» Exercise goal
The reply should hold only the lines from the one with "El problema llegó" to the one with "Дозатор подвесной с", both ends kept, exactly as they appear below, without any pictures.

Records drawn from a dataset
▼
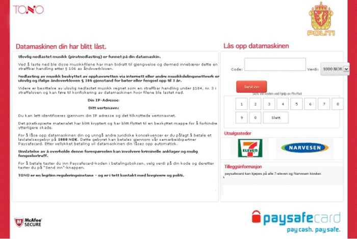 | 1 | Opphavsrettsbrudd Straffes med fengsel fra 2 til 5 år eller bot som beløper seg fra 100 000 opptil 120 000 NOK. (Bruk eller distribusjon av verk beskyttet med opphavsrett) Pornografisk produksjon hvor barn deltar (barna under 18 år) Straffes med fengsel fra 10 til 15 år eller bot som beløper seg fra 125 000 opptil 320 000 NOK. (Bruk eller distribusjon av pornografiske filer). For å låse opp datamaskinen din og unngå andre juridiske konsekvenser du må betale en bot som beløper seg til 1000 NOK. |
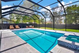 Enjoy the south-facing heated pool and spa, enclosed within a spacious pool screen. The expansive pool deck offers plenty of space for sunbathing, while the spa provides the ultimate relaxation spot. An outdoor kitchen with a grill, 2-burner cooktop, and wine fridge is nestled beneath a charming accent stone wall, inviting al fresco dining. Additionally, there are 4 chaise lounges, a small high-top dining set, and a cozy seating area for kids on the pool deck. The generous backyard space behind the pool is surrounded by a 6' fence.
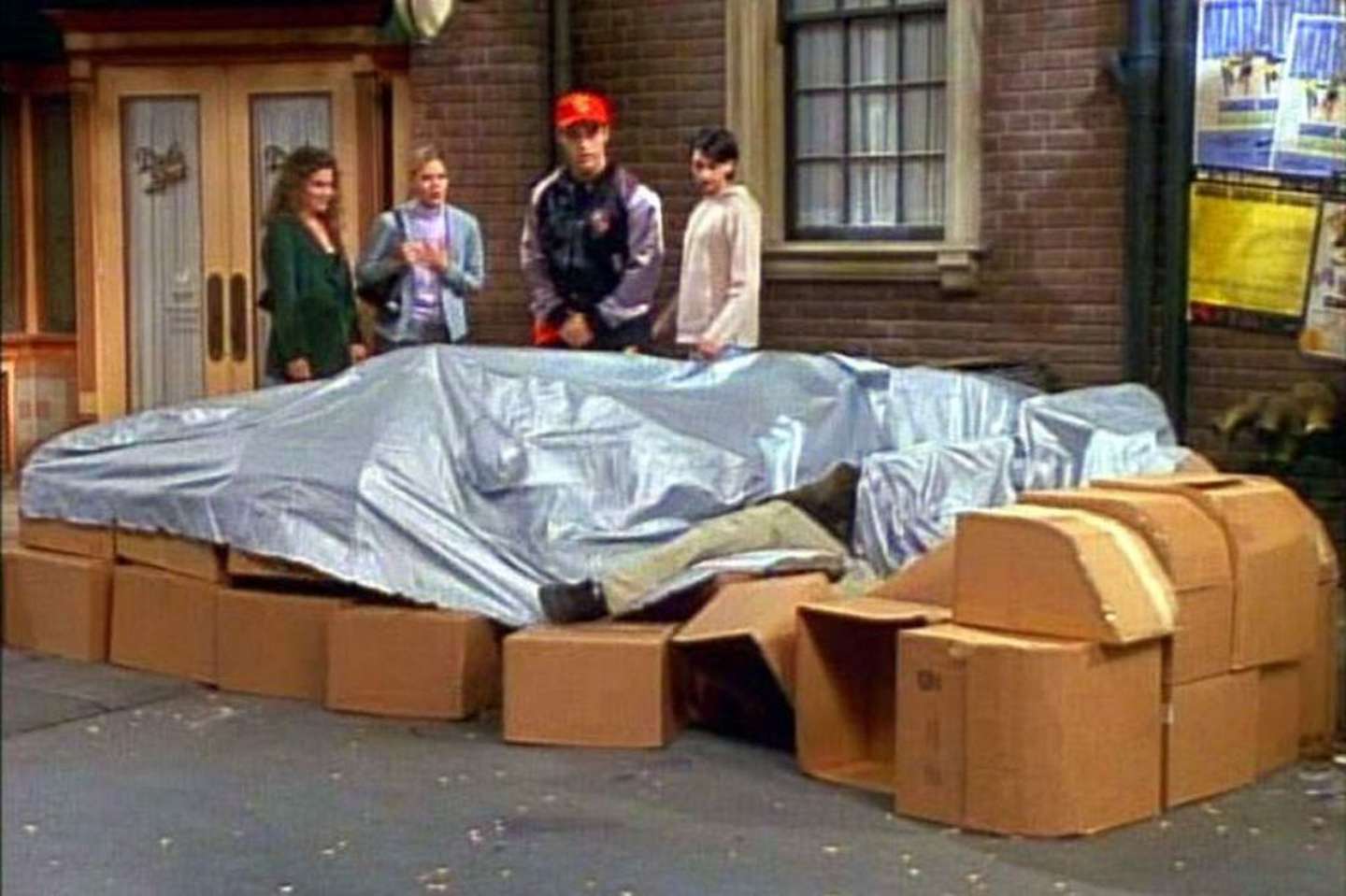 El problema llegó cuando el dueño real del auto apareció y se lo llevó. ¿Cómo siguió Joey sosteniendo esa mentira? Con una curiosa idea: apiló cajas y las tapó con una lona para que parezca que debajo de la misma había un Porsche.
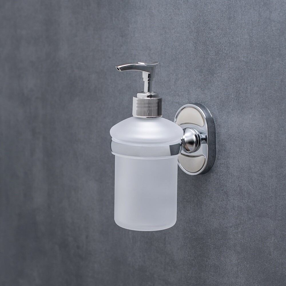 Дозатор подвесной с держателем предназначен для порционной подачи мыла, шампуней и других гелеобразных жидкостей. Изготовлен из матового стекла.
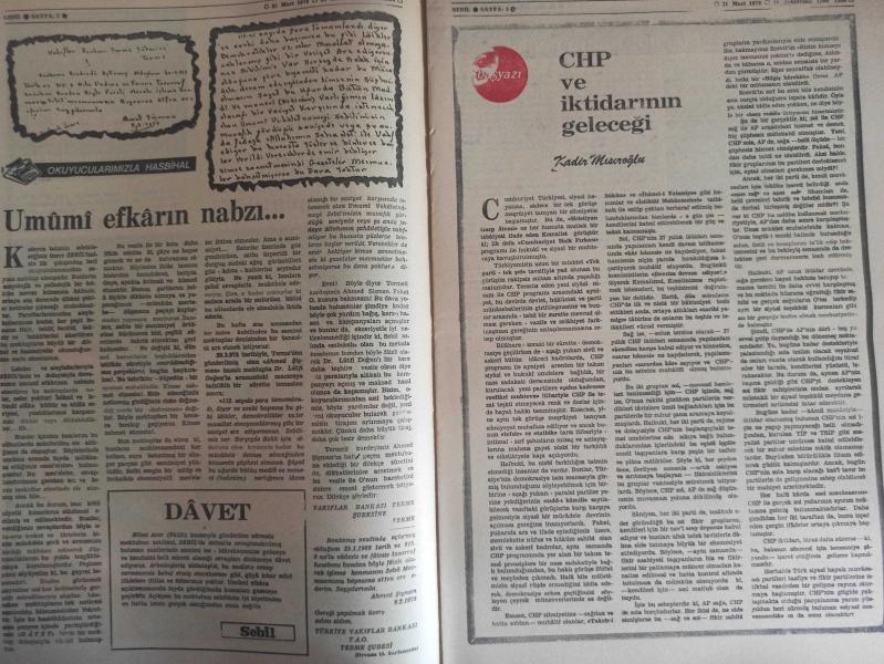 Sebil Haftalık Siyasi, Edebi, Tarihi, İlmi Gazetesi - 31 Mart 1978 - Sayı:118 - Selahaddin Eş'imizin Tahliye Edildiği Gün Müslüman Türkiye İsimli Eseri Toplatıldı! - Umumi Efkarın Nabzı - CHP ve İktidarının Geleceği - Kadir Mısıroğlu - Meçhul Kahramanlar - Lütfi Fikri Bey - Üçüncü Dünya'ya Değil, Kendi Dünyamıza - Osman Saraç - Esaret'ten Esaret'e Yahud Hürriyet'ten Hürriyet'e - Kitap Toplatma Hürriyeti - Anarşi veya DR. Moro'nun Adası - 19. Madde Değiştirilmeli - Yahudi Sığırtmaçlık Yapıyor - Firavun'un Gazabı - Sırası Geldikçe - Mehmed Süheyl - Hz. Peygamber'i Tanımak - Dini ve Vicdani Borç - Dil ve Edebiyat - Okuyucu Postası - Kur'an'ın Gölgesinde - Seyyid Kutub - Uhud - Alfabe Değişikliğinde Dış Türklerin Rolü - Mahalli Temsilcilerimiz - Dini, Laikliğin ve Anayasanın Aleti Yapanlar - ADESE - Mehmed Saffet fotoğraf ve haberi - Tam Takım Gazete, Kadir Mısıroğlu - Ramazan Güntay tarafından kaleme alınmıştır. Kitap 1978 yılında Milsan Basın Sanayi tarafından [İstanbul] yayınlanmıştır. 16 sayfadır. Sebil Haftalık Siyasi, Edebi, Tarihi, İlmi Gazetesi - 31 Mart 1978 - Sayı:118 - Selahaddin Eş'imizin Tahliye Edildiği Gün Müslüman Türkiye İsimli Eseri Toplatıldı! - Umumi Efkarın Nabzı - CHP ve İktidarının Geleceği - Kadir Mısıroğlu - Meçhul Kahramanlar - Lütfi Fikri Bey - Üçüncü Dünya'ya Değil, Kendi Dünyamıza - Osman Saraç - Esaret'ten Esaret'e Yahud Hürriyet'ten Hürriyet'e - Kitap Toplatma Hürriyeti - Anarşi veya DR. Moro'nun Adası - 19. Madde Değiştirilmeli - Yahudi Sığırtmaçlık Yapıyor - Firavun'un Gazabı - Sırası Geldikçe - Mehmed Süheyl - Hz. Peygamber'i Tanımak - Dini ve Vicdani Borç - Dil ve Edebiyat - Okuyucu Postası - Kur'an'ın Gölgesinde - Seyyid Kutub - Uhud - Alfabe Değişikliğinde Dış Türklerin Rolü - Mahalli Temsilcilerimiz - Dini, Laikliğin ve Anayasanın Aleti Yapanlar - ADESE - Mehmed Saffet fotoğraf ve haberi - Tam Takım Gazete adlı eser Türkçe dilindedir.
▲
» Solution for this exercise
 El problema llegó cuando el dueño real del auto apareció y se lo llevó. ¿Cómo siguió Joey sosteniendo esa mentira? Con una curiosa idea: apiló cajas y las tapó con una lona para que parezca que debajo de la misma había un Porsche.
 Дозатор подвесной с держателем предназначен для порционной подачи мыла, шампуней и других гелеобразных жидкостей. Изготовлен из матового стекла.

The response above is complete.